§ Recorded information:
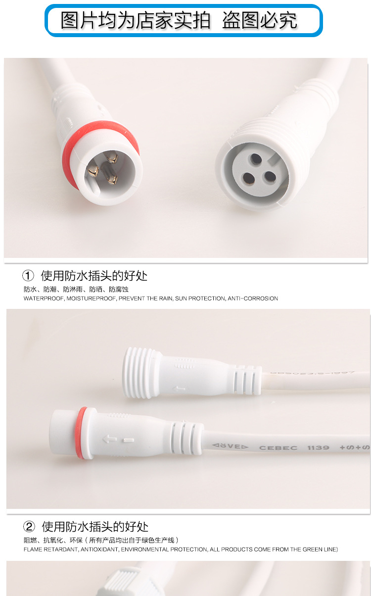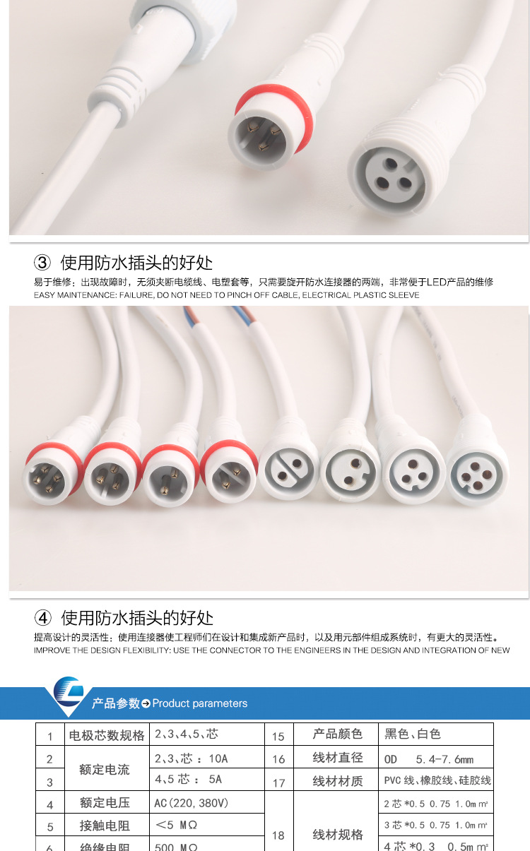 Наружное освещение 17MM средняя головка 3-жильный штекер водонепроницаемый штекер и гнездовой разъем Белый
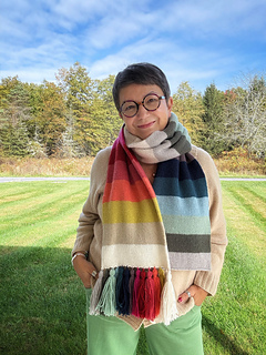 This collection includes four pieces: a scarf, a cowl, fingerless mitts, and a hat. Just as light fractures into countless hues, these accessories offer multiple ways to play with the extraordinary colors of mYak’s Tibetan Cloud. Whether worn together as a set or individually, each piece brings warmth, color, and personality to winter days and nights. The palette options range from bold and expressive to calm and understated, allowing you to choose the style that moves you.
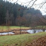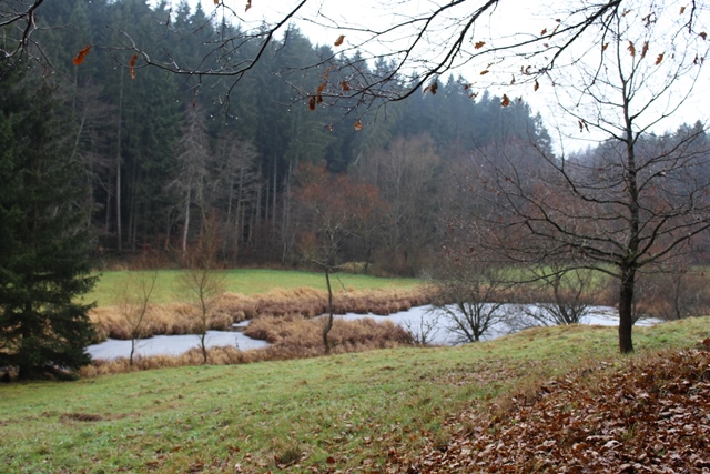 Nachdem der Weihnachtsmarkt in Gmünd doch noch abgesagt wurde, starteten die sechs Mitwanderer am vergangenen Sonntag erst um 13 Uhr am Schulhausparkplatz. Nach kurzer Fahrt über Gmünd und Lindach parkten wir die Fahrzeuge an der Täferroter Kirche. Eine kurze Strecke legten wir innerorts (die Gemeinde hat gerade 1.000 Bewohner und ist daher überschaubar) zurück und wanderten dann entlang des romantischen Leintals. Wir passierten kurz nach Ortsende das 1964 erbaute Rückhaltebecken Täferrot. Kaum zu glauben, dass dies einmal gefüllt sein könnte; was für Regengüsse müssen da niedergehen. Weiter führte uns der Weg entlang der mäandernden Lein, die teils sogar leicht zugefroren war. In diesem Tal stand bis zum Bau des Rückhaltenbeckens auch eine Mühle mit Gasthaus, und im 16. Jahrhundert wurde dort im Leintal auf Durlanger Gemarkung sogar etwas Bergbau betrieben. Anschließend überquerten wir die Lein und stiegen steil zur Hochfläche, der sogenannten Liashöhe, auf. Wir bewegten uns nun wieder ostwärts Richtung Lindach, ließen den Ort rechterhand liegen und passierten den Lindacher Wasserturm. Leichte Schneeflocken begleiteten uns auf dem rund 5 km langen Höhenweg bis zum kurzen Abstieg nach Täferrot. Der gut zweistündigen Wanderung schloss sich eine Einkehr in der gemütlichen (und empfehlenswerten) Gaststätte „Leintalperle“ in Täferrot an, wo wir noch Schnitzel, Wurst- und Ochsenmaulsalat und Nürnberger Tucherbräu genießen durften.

§ What you need to do:
Starting at the first line of the material above and ending with the line that contains "This collection includes", reproduce every line exactly, and leave out the pictures.

§ Answer to this exercise:
 Наружное освещение 17MM средняя головка 3-жильный штекер водонепроницаемый штекер и гнездовой разъем Белый
 This collection includes four pieces: a scarf, a cowl, fingerless mitts, and a hat. Just as light fractures into countless hues, these accessories offer multiple ways to play with the extraordinary colors of mYak’s Tibetan Cloud. Whether worn together as a set or individually, each piece brings warmth, color, and personality to winter days and nights. The palette options range from bold and expressive to calm and understated, allowing you to choose the style that moves you.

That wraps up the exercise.